Soon, she must fly again, this time for work, without her cat as an anchor. She’s briefly untethered to the earth without his presence in every room of the house, his greeting upon returning from elsewhere, his cries. She watches videos of him, though these have a creepy reanimated quality, like she shouldn’t be able to see him walking around only in pixels. Upon hearing the cries, her throat aches. Her boyfriend gives her a silver locket decorated with a cat curled in sleep. She pastes two images cut into small circles inside and wears it to the airport.

“I don’t know if it’ll still work the same way,” Erin says to her boyfriend, “using his picture to focus on if he’s not here anymore.”

On the plane, Erin grips the same photo or tugs on the locket, her eyes closed, praying to the cat for time to pass. While hunched into the fetal position, a shredded napkin disintegrating in her palm, she looks across the aisle to the feet and bags littering the underneath of the seats. She realizes there’s a soft-sided pet duffle bag filling one of the footwells. She forces herself to keep from retreating into her eyes-shut world so she can stare and determine if it’s a cat or dog.

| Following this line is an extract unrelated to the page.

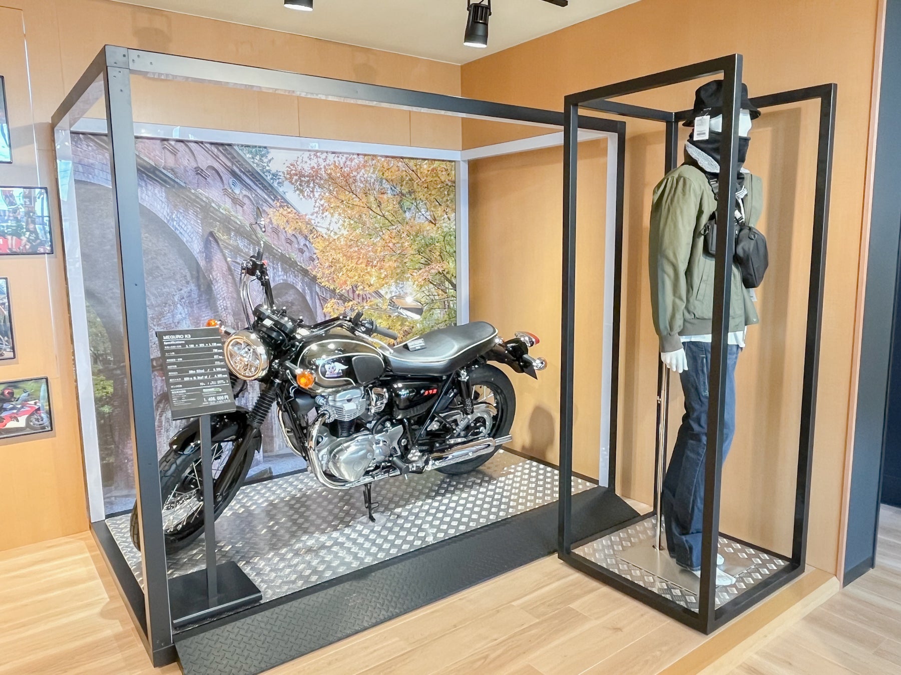木目調のフロアと白い天井が織りなす明るい店内。モーターサイクルとプラザアパレルがゆったりと展示され、どなたでも楽しめる空間としています。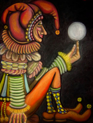 A ‘holy fool’ is a person who sees what’s really going on in society and has the audacity to say it, but only in a kind of code. If there’s a crooked government, the holy fool will maybe perform a weird pantomime or tell a story, one that gets everyone to laugh at first; sooner or later, the more perceptive members of the …audience will recognize in the fool’s antics a hidden message. Stating this message in code is protection against the wrath of the authorities.”[1]

Erin manages to twist enough to have a view of the carrier’s mesh windows. She searches for the shine of a wet eye or bright teeth, a tuft of fur against the black material of the carrier. She hopes for a connection in those eyes, to find someone looking back at her, but no matter how she contorts, she can’t see anything moving in there.

On the return flight, a TSA agent in Omaha gestures for Erin to step out of line for a pat-down. “Are you experiencing pain?” the agent asks.

Erin is confused. “You mean, in general? Like as a state?”

The woman disregards her confusion. “I’m going to pat you down, then,” she says. She pauses a hand near Erin’s neck. “What’s this?”

“A…locket?” What could she have in a locket, a tiny bomb? “It’s my dead cat.”

“Open it for me.”

Erin unclasps the locket with some difficulty to reveal the two little circles, her fingers slipping on the locket’s clasp three times before she can get a strong enough grip to click it open. She holds the opened piece up closer to the agent’s face. The agent shakes her head, and Erin is free to go home. She returns the locket to its closed shape. Whole again.

She finds that memories of him are pushed out by images from his final day. The sigh, the tongue. But her body still recalls the weight of his. She hangs the wind-up musical star above her side of the bed. The gear on the back causes it to sit away from the wall as it dangles, heavy at the end of a faded yellow ribbon. When she turns the crank to play the music, always at bedtime, the star dances and waves as the metal key pushes against the wall. She understands it’s not him waving but she hopes he can hear the music.